ASSIGNED TASK » Nothing but the lines from the one that contains "MADONNA ART. 0375 ↓ 20,5 ↔ 15 cm" through the end of the data should be reproduced, and each must match exactly.
Top of AVAILABLE DATA
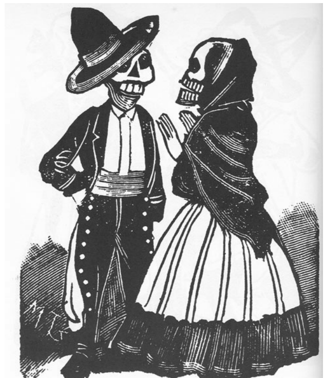
Calaveras de José Guadalupe Posada

“Carpe diem” y “Non omnis moriar” son sus frases más célebres y más conocidas. La primera la encontramos en la brevísima oda XI del Libro Primero, dedicada a su amiga Leucónoe; la segunda en la oda XXX del Libro Tercero, la cual aquí hemos comentado. Muchas otras frases de profundo sentido pueden extraerse de sus obras, todas en verso. Con mucho gusto lo haré en otros artículos que espero poder escribir.
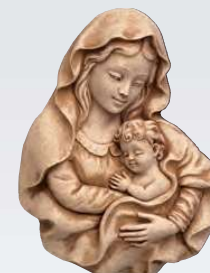
MADONNA ART. 0375 ↓ 20,5 ↔ 15 cm

I testi saranno calcolati in base alla dimensione dell'articolo ed al numero di lettere che si dovranno scrivere, Al momento dell'ordinazione è necessario specificare il tipo di carattere scelto e se si vuole minuscolo e/o maiuscolo.
Bottom of AVAILABLE DATA
ANSWER AREA »
MADONNA ART. 0375 ↓ 20,5 ↔ 15 cm

I testi saranno calcolati in base alla dimensione dell'articolo ed al numero di lettere che si dovranno scrivere, Al momento dell'ordinazione è necessario specificare il tipo di carattere scelto e se si vuole minuscolo e/o maiuscolo.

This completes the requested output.